This film has the same wonderfully subtle direction as "The Heart Is A Lonely Hunter," "Diary Of A Mad Housewife" and "Goodbye Columbus." The lost 60s/70s style for dialogue films with immediately profound social messages is probably best exampled in "EGROMMM" -- Newman's daughter (Nell Potts) plays the stoic, life-dampened child who refuses to let her drunken slob of a mother destroy her brilliance.. at least for now. We're just slightly distant observers in this style of filmmaking. You won't get under anyone's skin or into anyone's head. But you may have grown up in similar circumstances, god forbid. An excellent film about the subtleties of abuse without coming across preachy in the slightest. Deeply moving.
Paura nella città dei morti viventi (1980)
A psychotic nightmare!
This is what I love about "Italian" horror. With titles almost as wild as "And You Shall Scream Forever While Worms Eat Your Eyes!" (which could never work in America), and with such truly nightmarish discontinuity of plot and characters, Gates Of Hell, like so many other Fulci classics, delivers it all. One truly lasting effect of this particular film is the crashing synthesizer explosions as sense-shockers to add to the quick zoom on gory corpses and the living dead. The combination of the maggot infested dead and what is ringing in your ears imprints forever a sensory stamp ala "Fulci."
Suspiria (1977)
Deco/Nouveau Terror
To date there has not been a film so overwhelmingly beautiful in its use of both existing and specially produced deco and nouveau sets and design -- and only a genius such as Argento could properly light these edifices with the colors to trap them into the dream-like trance of a true classic, abiding, flawless horror film. There is not a moment of this film which is not dripping with artistic excellence, and yet it never lets go of the traditionally macabre, dank, seedy and vile undercurrent in most Italian horror. Susperia is like a lilly floating in putrefied blood. Without question, one of the greatest achievements in horror to date.
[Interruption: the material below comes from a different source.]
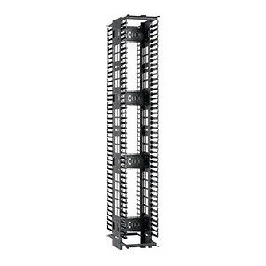 The Panduit High Capacity Vertical Cable Management System is designed for optimal organization and management of cable systems within a rack. With its sleek black finish and high-capacity design, it provides a reliable solution for efficient cable routing and maintenance.

Grave of the Vampire (1972)
Strange and disturbing
This film, which I believe was distributed as a double-bill with 'Garden of the Dead,' has several disturbing elements which shoved it over the line of a traditional vampire movie; vampire rape, for one. Vampire offspring for another. Take two parts "Count Yorga: Vampire" and one part "Children Shouldn't Play With Dead Things" and you have this flick. But it is an excellent B-movie in the horror genre with a definite 70s flair.
Garden of the Dead (1972)
Creepy For Low Budget Horror
I saw this film back when local authorities decided it was too sick for a "GP" rating, and clung to the old "M" (Mature Audience) rating, along with its double-feature at that time, "Grave of the Vampire." It hit my hometown of Little Rock with a major splash, complete with ghouls wandering the theatre lobby and plenty of local promo. Had to sneak in to see it. The movie is about prisoners held in some godforsaken backwoods labor camp who huff the fumes of formaldehyde all night to 'get off.' Suffice it to say, they don't stay dead after that (they seem to meet with unfortunate accidents alot). Lots of wandering dead guys in fog, dark shots with creepy underlit green faces. Low budget but great B-movie horror thrills.
Children Shouldn't Play with Dead Things (1972)
A bit o' trivia about the films promotion
For the hardcore B-horror movie junkie, I thought I'd pass along some interesting trivia related to this movies promotional scheme. This flick came to my town on the drive-in circuit and somehow managed to talk several area restaurants into offering a special menu for kids (!) that hawked the movie and simultaneously grossed out parents. The menu featured the individual restaurants usual fair, but with new titles... blood shake.. flesh strips (french fries)... brain delight (jello). The half rotten skull visage on the cover of the menu was enough to send most parents into fits. I wish I had kept it. Talk about a collectible! It's a great film, though. Enough tongue in cheek to make its sick theme tolerable. That menu made it impossible for me to see it. Had to wait until I found it on video many years later.